Снова заходила Таня. Я ее вовсе не ждала, и потому несколько рассердилась -распсиховалась по ее приходе. Дозы, кажется, не было; странно; страшно неприятно, что я не помню – неприятно не помнить. Зачем она пришла? Зачем она приходила, спрашиваю я сейчас. Помню, что разговор зашел о серьгах. Моих серьгах фирмы «Italina», замечаю в скобках. Да не в этом суть. «Серьги золотые надела? «Да.» Я стою у раковины и мою мою кофейную чашку с блюдцем стоимостью двадцать восемь рублей неинфляционных. «Вот и ты золото носишь.» «Да.
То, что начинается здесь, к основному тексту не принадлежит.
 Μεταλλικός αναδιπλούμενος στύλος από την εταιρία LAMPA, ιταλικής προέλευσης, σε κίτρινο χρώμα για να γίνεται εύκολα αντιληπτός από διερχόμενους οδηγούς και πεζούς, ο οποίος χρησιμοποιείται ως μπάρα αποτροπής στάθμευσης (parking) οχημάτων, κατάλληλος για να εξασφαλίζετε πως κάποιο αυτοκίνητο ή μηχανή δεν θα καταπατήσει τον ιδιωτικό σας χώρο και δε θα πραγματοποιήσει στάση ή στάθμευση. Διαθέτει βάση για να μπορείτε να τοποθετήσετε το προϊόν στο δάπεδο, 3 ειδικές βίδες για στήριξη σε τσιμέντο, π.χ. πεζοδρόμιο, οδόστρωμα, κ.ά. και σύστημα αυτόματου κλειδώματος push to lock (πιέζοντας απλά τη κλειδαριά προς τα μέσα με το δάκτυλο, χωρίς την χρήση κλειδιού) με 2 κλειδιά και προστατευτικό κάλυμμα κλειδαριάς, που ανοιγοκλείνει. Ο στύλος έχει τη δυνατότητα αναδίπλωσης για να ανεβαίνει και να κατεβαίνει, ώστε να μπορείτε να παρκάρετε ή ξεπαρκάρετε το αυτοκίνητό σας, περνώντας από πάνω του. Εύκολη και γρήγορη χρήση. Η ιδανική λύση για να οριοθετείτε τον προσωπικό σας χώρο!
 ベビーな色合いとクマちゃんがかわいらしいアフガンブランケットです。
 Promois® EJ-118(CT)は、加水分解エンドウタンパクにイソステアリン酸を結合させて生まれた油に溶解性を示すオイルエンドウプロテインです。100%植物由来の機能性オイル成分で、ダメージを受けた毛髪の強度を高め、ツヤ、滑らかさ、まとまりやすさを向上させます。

Угу,» – с трудом улыбается я. Думаю, что серьги, конечно, поддельные. Конечно же. В замечательном сибирском супермаркете «Городок». Опять становится стыдно за свою ложь. Таня почти ничего не говорит более, но смеется, ее личико краснеет, и я опять узреваю лик. Полное лицо, скверно; я продолжаю думать внутри себя. За мытьем чашки, впрочем, не думают. Я сказала ей «Спасибо». «Серьги красивые.» «Да, красивые. Ты тоже красивая» Таня с радостной улыбкой уходит. Я опять досадую на себя за сказанные мной слова.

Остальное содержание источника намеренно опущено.